The co-founders of Nanopath faced a decision at the end of 2020, a year shaped by COVID.
Dr. Amogha Tadimety, Th'20, Co-Founder & CEO of Nanopath, opened the healthcare-focused round of the spring Dartmouth Entrepreneurs Forum with a fireside chat in which she spoke about the challenges of bringing a new diagnostic technology to market during the pandemic.
At first, when the pandemic hit, it seemed like a perfect opportunity to grow Nanopath, which offers accurate and detailed diagnostics within 15 minutes. The company brings together the doctoral research of Tadimety and her cofounder, Dr. Alison Burklund. The pair, along with Dr. John Zhang, Co-Founder and Scientific Advisor, started the company in 2009 with an interest in getting into the infectious disease space. Initially, the founders were told that there was no profitability in that arena, until the COVID pandemic caused funding for new diagnostics for infectious diseases to explode.
Nanopath chased that opportunity, but over the course of 2020, Tadimety and Burkland realized that they needed to decide which area of the market to pursue.
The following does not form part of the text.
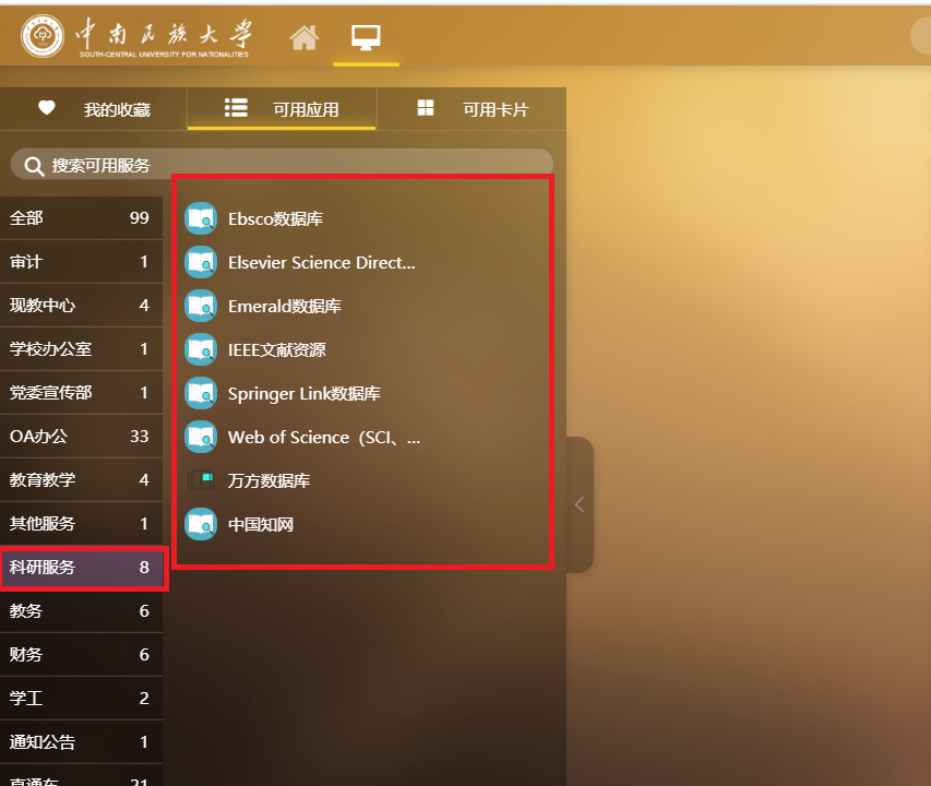 2、認(rèn)證成功后,在左側(cè)“可用應(yīng)用”選項(xiàng)卡中查找“科研服務(wù)”,點(diǎn)擊相關(guān)電子數(shù)據(jù)庫資源即可直接進(jìn)入 查詢 或 下載 電子資源(無需使用VPN認(rèn)證),如下圖所示:

“When COVID happened, we said, ‘let’s take a step back,’” said Tadimety.
By the end of 2020, the founders had a choice: did they pursue being a respiratory diagnostics company, or was there a better application for their technology as it stood? Using funding from The National Science Foundation's Innovation Corps (I-Corps™) program they spoke with people about the potential application of their technology and decided on a target market: outpatient women’s health.
Within that area, there is a clear need for rapid testing, and an obvious way for Nanopath’s technology to fit into the existing workflow. Currently, it takes up to two weeks to get results for testing for STDs or other infections. Up to 40% of patients, particularly those in disadvantaged communities, do not return for follow-up care after an initial visit.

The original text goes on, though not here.